++++ AVAILABLE DATA

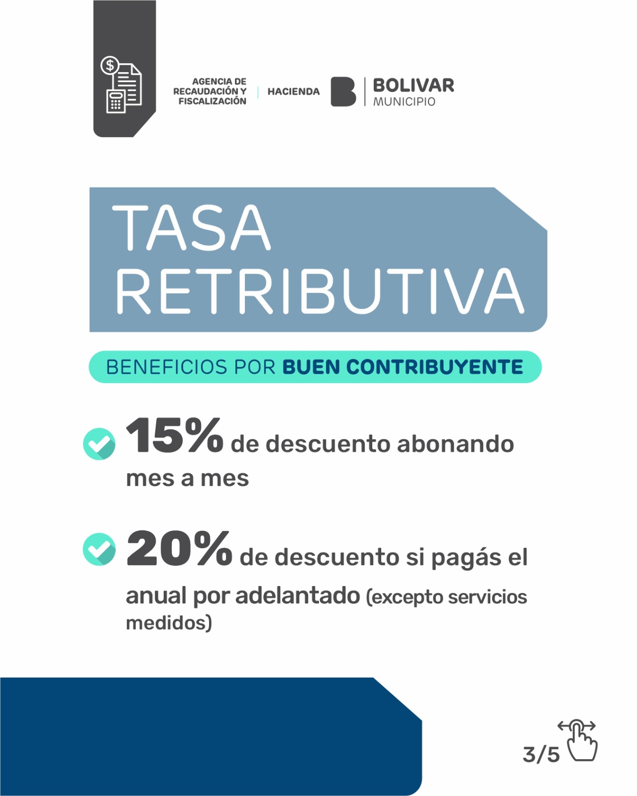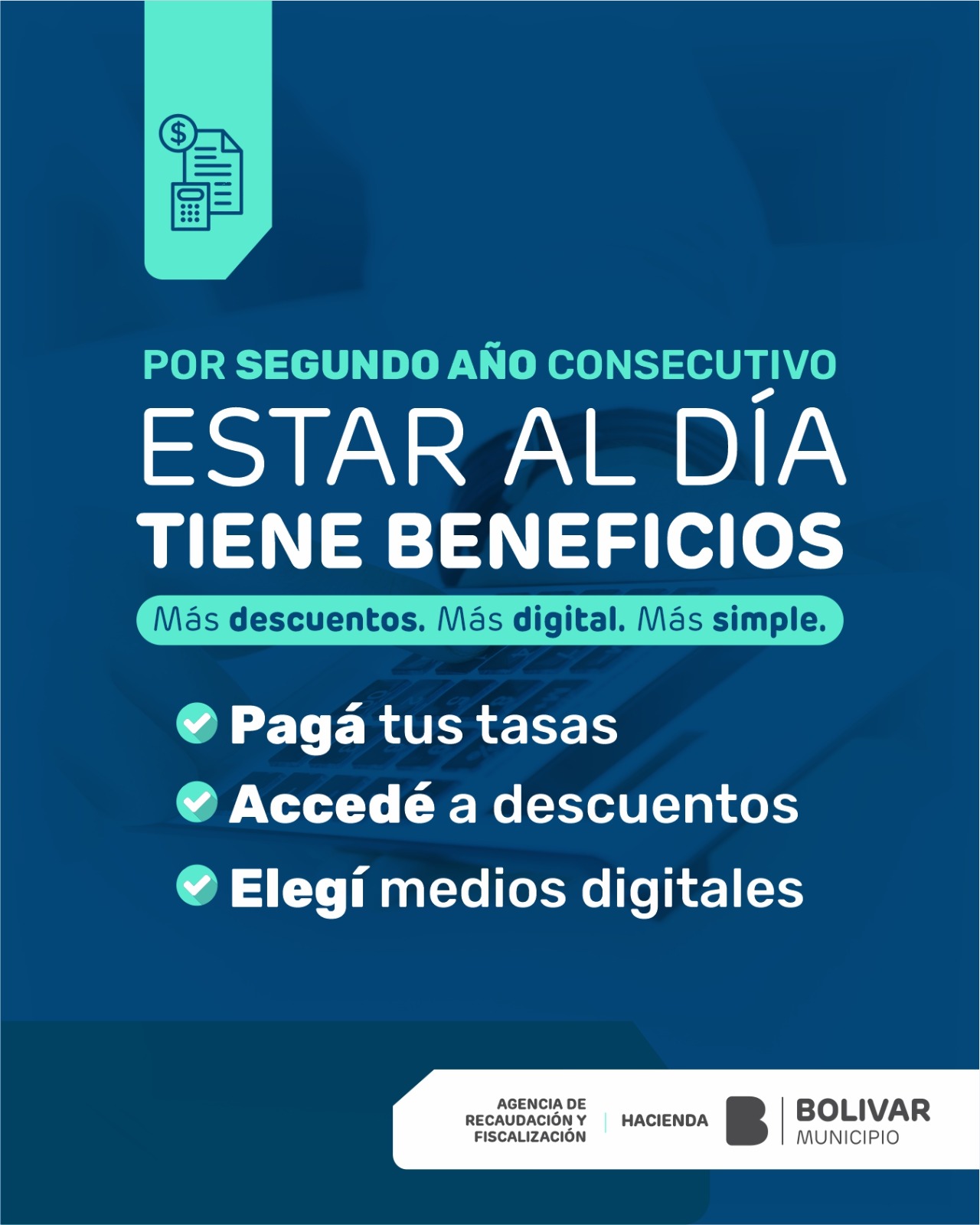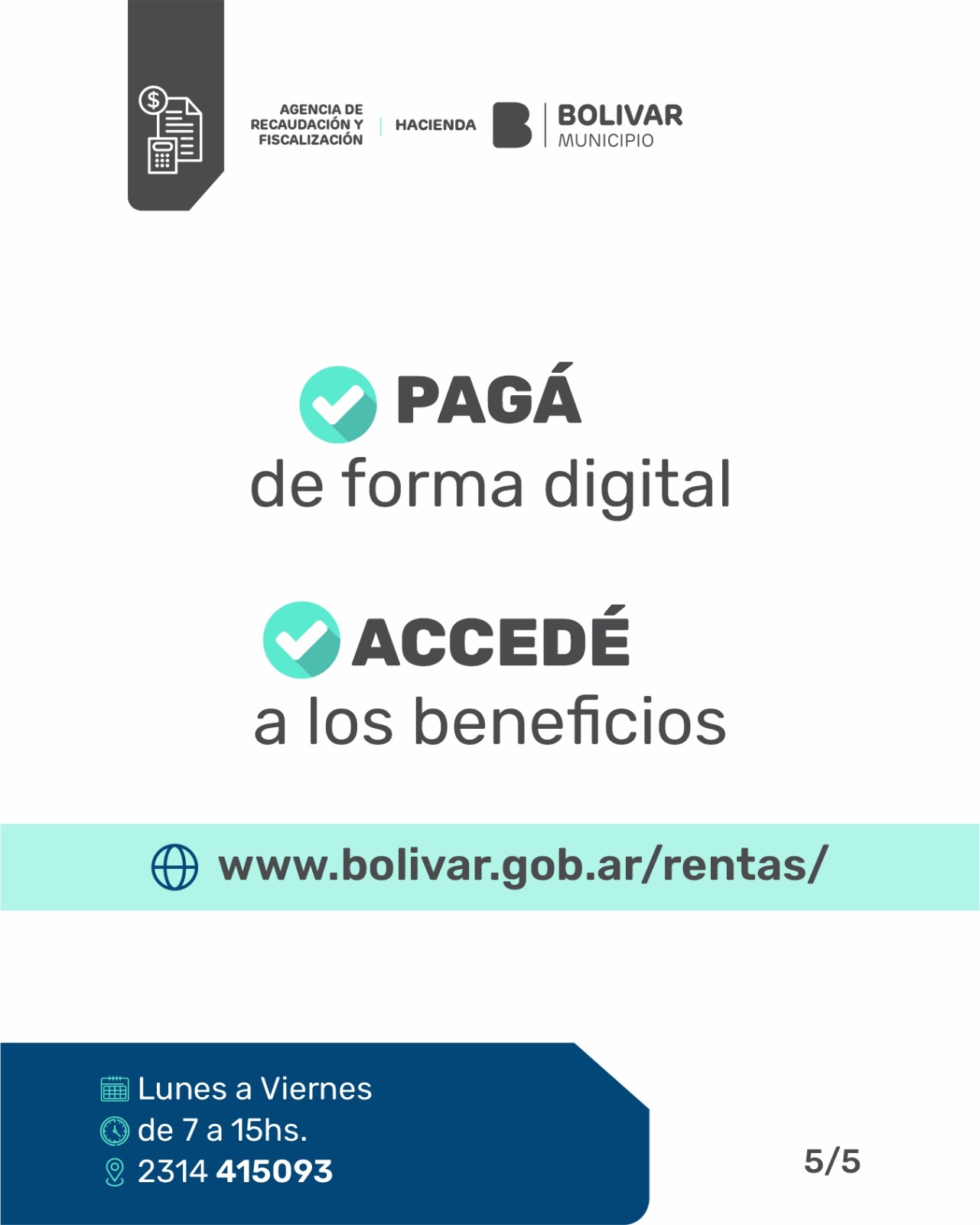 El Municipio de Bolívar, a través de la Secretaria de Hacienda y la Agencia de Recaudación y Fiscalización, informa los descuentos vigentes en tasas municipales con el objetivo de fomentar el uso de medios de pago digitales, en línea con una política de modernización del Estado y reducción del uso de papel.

++++++++
++++ AVAILABLE DATA

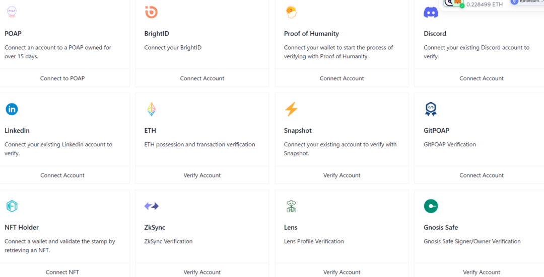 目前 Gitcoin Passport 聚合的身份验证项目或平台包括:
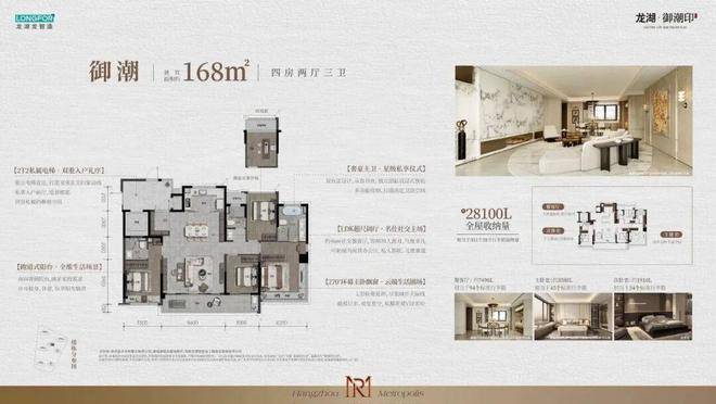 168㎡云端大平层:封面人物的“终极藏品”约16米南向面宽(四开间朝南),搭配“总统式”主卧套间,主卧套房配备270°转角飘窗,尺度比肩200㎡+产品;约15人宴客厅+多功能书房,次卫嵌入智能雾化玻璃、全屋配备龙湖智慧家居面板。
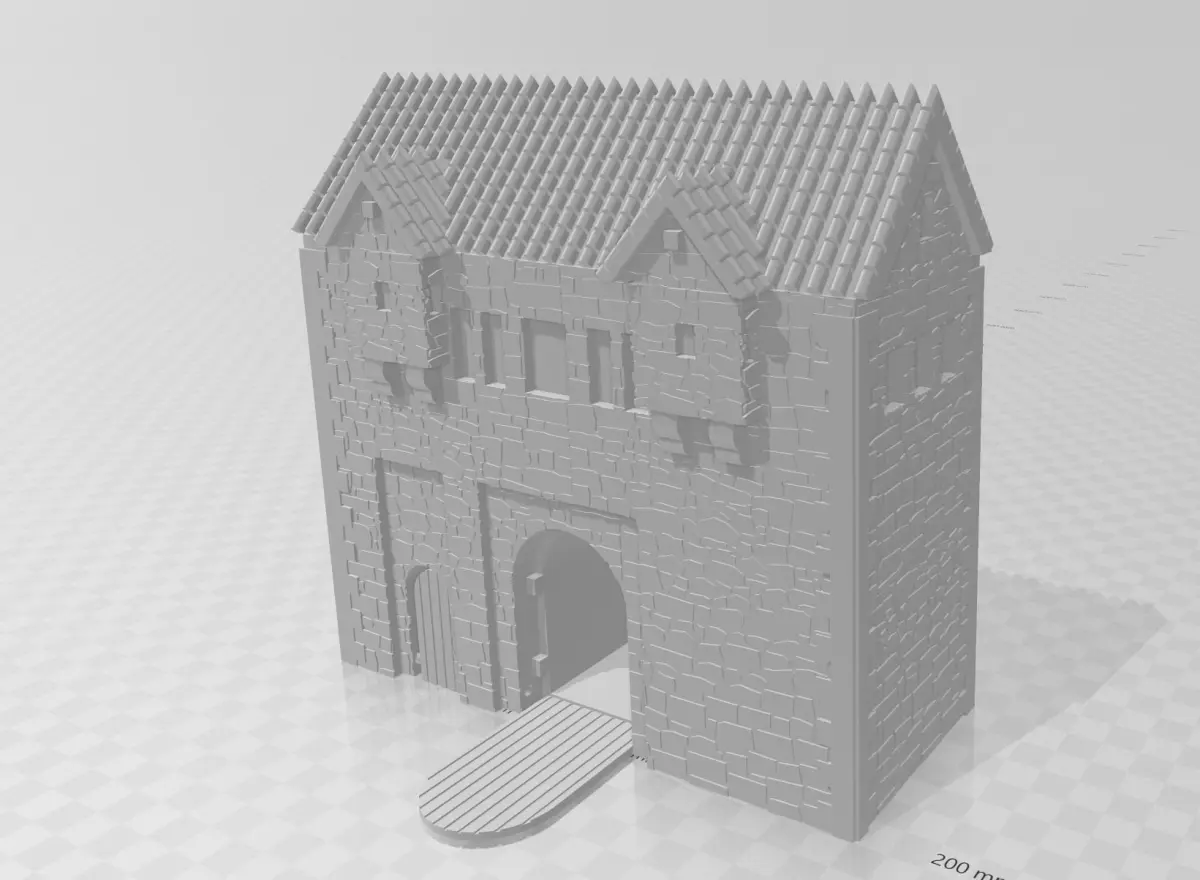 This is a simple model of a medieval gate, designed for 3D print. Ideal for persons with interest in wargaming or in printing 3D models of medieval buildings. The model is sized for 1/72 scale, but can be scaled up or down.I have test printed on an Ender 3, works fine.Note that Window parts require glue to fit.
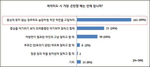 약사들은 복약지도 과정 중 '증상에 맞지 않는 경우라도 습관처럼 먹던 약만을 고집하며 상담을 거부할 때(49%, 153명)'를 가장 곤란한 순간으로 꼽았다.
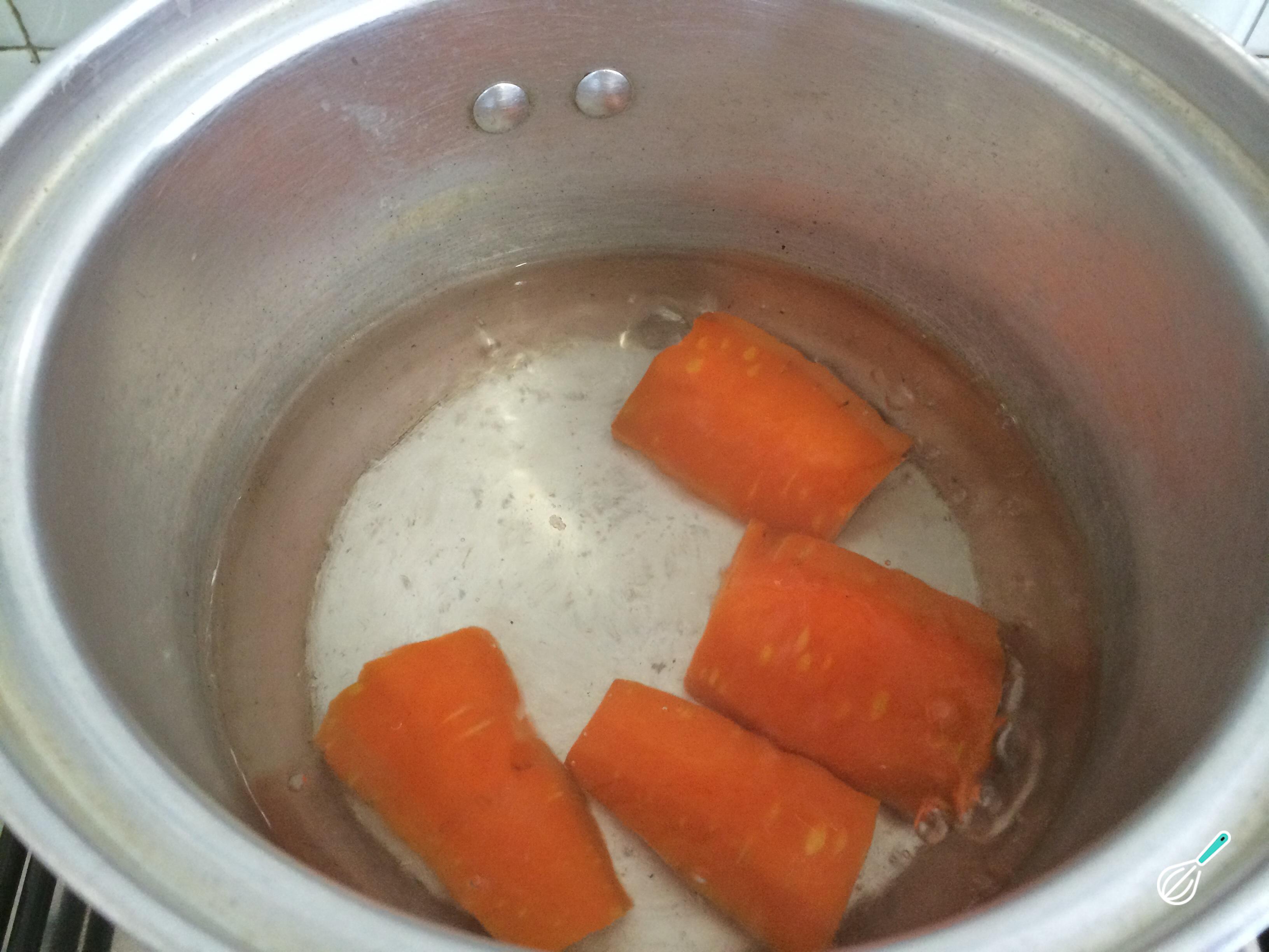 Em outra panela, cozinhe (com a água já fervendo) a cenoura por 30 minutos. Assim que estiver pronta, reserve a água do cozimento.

++++++++

» **WHAT THE EXERCISE ASKS**: Take the entries above and copy exactly the lines starting at the one with "168㎡云端大平层:封面人物" and ending at the one with "This is a simple"; nothing outside that span, and no pictures.

» **PROBLEM SOLUTION**:
 168㎡云端大平层:封面人物的“终极藏品”约16米南向面宽(四开间朝南),搭配“总统式”主卧套间,主卧套房配备270°转角飘窗,尺度比肩200㎡+产品;约15人宴客厅+多功能书房,次卫嵌入智能雾化玻璃、全屋配备龙湖智慧家居面板。
 This is a simple model of a medieval gate, designed for 3D print. Ideal for persons with interest in wargaming or in printing 3D models of medieval buildings. The model is sized for 1/72 scale, but can be scaled up or down.I have test printed on an Ender 3, works fine.Note that Window parts require glue to fit.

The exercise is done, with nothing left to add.